The seroprevalence of IgG antibodies against Toxoplasma gondii was assessed in 169 adult non-hemophiliac Japanese patients infected with human immunodeficiency virus. The seroprevalence of T. gondii infection was only 14.2%, which was similar to findings from the USA and lower than that reported for most other countries. The positive ratio of T. gondii IgG antibodies was significantly higher in patients aged ≥ 40 years (21.0% vs. 7.9%, p=0.01) with < 200 CD4+ cells /µL (20.5% vs. 9.4%, p=0.04). Group analysis showed that seropositivity did not differ according to sexuality. The ratios of positivity for hepatitis B surface antigen, hepatitis B surface antibody, hepatitis C antibody, serological findings for syphilis and the findings of the Treponema pallidum hemaggulation test were not associated the seroprevalence of IgG antibodies against T. gondii.

These results indicate that patients in Japan with lesions of the central nervous system and antibodies against T. gondii are highly likely to have toxoplasmosis. Infection with T. gondii should be carefully assessed in elderly Japanese patients who are infected with human immunodeficiency virus.

Citation

Takahashi H, Tsubouchi A, Murai K, Yamanouchi M, Tanei M, et al. (2014) Seroprevalence of Toxoplasma gondii Infection among HIV- Infected Patients in Tokyo, Japan. Clin Res HIV/AIDS 1(2): 1007.

Keywords

•    Acquired immune deficiency syndrome
•    Toxoplasmosis
•    Hepatitis B virus
•    Hepatitis C virus
•    Syphilis
•    Opportunistic infection

INTRODUCTION

Toxoplasma encephalitis (TE) represents an important opportunistic infection in patients infected with human immunodeficiency virus (HIV). Measuring IgG antibodies to T. gondii is crucial, because the risk of developing cerebral toxoplasmosis is high among HIV-seropositve individuals. Therefore, HIV-infected patients with Toxoplasma antibodies must start oral pharmacotherapy as toxoplasmosis prophylaxis. Nissapatorn et al. reported that almost half (44.4%) of patients who are infected with HIV or have acquired immunodeficiency syndrome (AIDS) in Malaysia are seropositive for Toxoplasma [1], and seropositive ratios are also high in other countries except the USA [2-6]. We previously reported a very low seroprevalence (5.4%) in non-symptomatic Japanese patients [7].

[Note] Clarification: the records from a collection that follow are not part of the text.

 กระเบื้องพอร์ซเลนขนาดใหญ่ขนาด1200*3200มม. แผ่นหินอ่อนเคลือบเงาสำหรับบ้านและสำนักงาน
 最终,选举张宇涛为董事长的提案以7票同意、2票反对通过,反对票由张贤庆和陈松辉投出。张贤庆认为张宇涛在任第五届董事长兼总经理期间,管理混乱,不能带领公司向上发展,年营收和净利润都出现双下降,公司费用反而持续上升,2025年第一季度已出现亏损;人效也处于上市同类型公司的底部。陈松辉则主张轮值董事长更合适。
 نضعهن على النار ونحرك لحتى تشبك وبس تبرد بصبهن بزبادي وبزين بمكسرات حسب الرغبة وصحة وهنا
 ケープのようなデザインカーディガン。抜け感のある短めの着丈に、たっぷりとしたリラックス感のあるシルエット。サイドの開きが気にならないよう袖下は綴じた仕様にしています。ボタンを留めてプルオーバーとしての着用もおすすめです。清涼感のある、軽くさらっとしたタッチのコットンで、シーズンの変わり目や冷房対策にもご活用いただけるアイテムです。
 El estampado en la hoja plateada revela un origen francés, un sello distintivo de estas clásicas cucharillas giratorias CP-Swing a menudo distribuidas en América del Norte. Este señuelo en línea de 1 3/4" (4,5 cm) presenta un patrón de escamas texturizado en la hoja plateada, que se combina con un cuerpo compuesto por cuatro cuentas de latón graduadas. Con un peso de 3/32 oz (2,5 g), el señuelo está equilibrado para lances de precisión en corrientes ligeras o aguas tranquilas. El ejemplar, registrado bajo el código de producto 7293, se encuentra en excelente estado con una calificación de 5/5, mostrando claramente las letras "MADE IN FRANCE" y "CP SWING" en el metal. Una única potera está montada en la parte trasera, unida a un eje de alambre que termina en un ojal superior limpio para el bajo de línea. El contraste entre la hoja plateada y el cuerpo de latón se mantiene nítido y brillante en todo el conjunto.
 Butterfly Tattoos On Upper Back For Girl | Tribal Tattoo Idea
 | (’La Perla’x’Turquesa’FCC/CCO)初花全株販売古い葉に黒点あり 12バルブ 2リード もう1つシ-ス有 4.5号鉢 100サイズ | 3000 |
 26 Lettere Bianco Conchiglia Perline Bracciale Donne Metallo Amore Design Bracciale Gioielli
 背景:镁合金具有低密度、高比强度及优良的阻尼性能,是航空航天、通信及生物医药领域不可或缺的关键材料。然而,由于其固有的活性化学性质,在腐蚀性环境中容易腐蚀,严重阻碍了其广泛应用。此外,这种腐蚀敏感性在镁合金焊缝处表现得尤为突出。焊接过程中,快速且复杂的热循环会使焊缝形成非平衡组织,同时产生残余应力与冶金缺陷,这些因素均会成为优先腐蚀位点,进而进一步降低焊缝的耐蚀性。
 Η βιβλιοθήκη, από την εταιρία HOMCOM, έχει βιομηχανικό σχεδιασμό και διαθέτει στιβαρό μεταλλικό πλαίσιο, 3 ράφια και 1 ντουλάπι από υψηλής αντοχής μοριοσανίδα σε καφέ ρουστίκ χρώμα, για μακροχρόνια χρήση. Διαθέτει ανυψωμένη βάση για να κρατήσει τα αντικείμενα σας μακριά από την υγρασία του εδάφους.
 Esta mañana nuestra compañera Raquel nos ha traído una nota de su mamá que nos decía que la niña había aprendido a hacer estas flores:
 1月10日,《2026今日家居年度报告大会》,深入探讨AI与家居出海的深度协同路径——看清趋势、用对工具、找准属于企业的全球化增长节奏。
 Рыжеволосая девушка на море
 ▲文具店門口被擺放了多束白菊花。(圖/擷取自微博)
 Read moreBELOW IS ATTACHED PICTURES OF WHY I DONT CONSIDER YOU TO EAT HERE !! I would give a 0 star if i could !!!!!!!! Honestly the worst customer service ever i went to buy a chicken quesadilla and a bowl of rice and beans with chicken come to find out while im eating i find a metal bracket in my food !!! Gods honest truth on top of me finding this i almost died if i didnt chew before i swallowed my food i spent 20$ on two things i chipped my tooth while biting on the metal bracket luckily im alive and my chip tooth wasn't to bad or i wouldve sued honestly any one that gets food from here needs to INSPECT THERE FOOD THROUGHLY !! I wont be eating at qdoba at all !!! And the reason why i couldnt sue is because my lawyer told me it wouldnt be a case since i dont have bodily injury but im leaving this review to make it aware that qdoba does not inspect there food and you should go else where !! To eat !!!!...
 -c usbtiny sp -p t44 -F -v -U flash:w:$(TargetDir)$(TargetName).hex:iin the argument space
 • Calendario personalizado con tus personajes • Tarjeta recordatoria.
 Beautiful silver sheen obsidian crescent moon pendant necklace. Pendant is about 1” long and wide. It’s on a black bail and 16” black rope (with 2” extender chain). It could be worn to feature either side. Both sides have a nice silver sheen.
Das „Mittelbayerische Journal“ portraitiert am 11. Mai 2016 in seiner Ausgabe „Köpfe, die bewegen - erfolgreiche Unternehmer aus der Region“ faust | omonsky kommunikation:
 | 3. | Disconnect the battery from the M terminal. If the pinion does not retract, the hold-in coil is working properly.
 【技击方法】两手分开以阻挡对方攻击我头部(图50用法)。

However, differences such as age, sexuality or number of CD4 positive cells among subgroups of patients have not been discussed. Also, relationships between these seroprevalence of Toxoplasma antibodies and seropositivity to HBV, HCV and syphilis remains unclear. Seroprevalence might differ with race, region and era and thus, these issues should also be investigated in Japan. The results of such an investigation would help to determine clinical diagnoses. In present study, we investigated the prevalence of antibodies against Toxoplasma among Japanese patients infected with HIV.

PATIENTS AND METHODS

The Department of General Medicine at Juntendo University provided care to 257 patients with documented HIV infection from 1990 to 2012 in central Tokyo. Test for IgG antibodies to T. gondii has been a routine part of the initial assessment of all HIVinfected patients since 1990. Patients who missed the test were excluded from the statistical analysis. The study group comprised only Japanese patients living in Japan who were infected with non-hemophiliac HIV.

Serological test for IgG anti-Toxoplasma antibodies was employed by using enzyme-linked immunosorbent assays (ELISA) at a commercial testing laboratory (SRL, Tokyo, Japan). Chemiluminescence enzyme immunoassays (CLEIA) were used to test for HIV antibody, hepatitis B surface antigen (HBs Ag), hepatitis B surface antibody (HBs Ab) and hepatitis C virus antibody (HCV Ab), and Treponema pallidum was assessed by hemagglutination (TPHA) assays.

Statistical comparisions were done by using the chi-square test. Values of p<0.05 were considered statistically significant.

RESULTS

Toxoplasma IgG antibody results were available from 169 (male, n = 163; female; n = 6; mean age, 33 y; range, 21 - 75 y) of the 257 patients. Table 1 shows details of the patients. Most of them had acquired HIV through a sexual route, 49.7% being men who have sex with men (MSM) and 19.5% being heterosexual. Only one patient had a history of intravenous drug use. Of the 169 patients, 43.2% had a baseline CD4+ lymphocyte count < 200/μL (mean ± SD, 274.9 ± 248/μL).

Twenty four (14.2%) of the 169 patients had serological evidence of T. gondii infection. Figure 1 shows that the prevalence was increased by advancing age, especially in those > 40 y. The probability of being seropositive to T. gondii was significantly higher for patients whose age was greater than 40 years (21.0% vs. 7.9%: p=0.01; Table 2). The numbers of CD4+ cells were statistically significant; 20.5% and 9.4% of patients had < 200 and ≥ 200 CD4+ cells/µL, respectively (p=0.04). Sexuality did not significantly differ among the groups.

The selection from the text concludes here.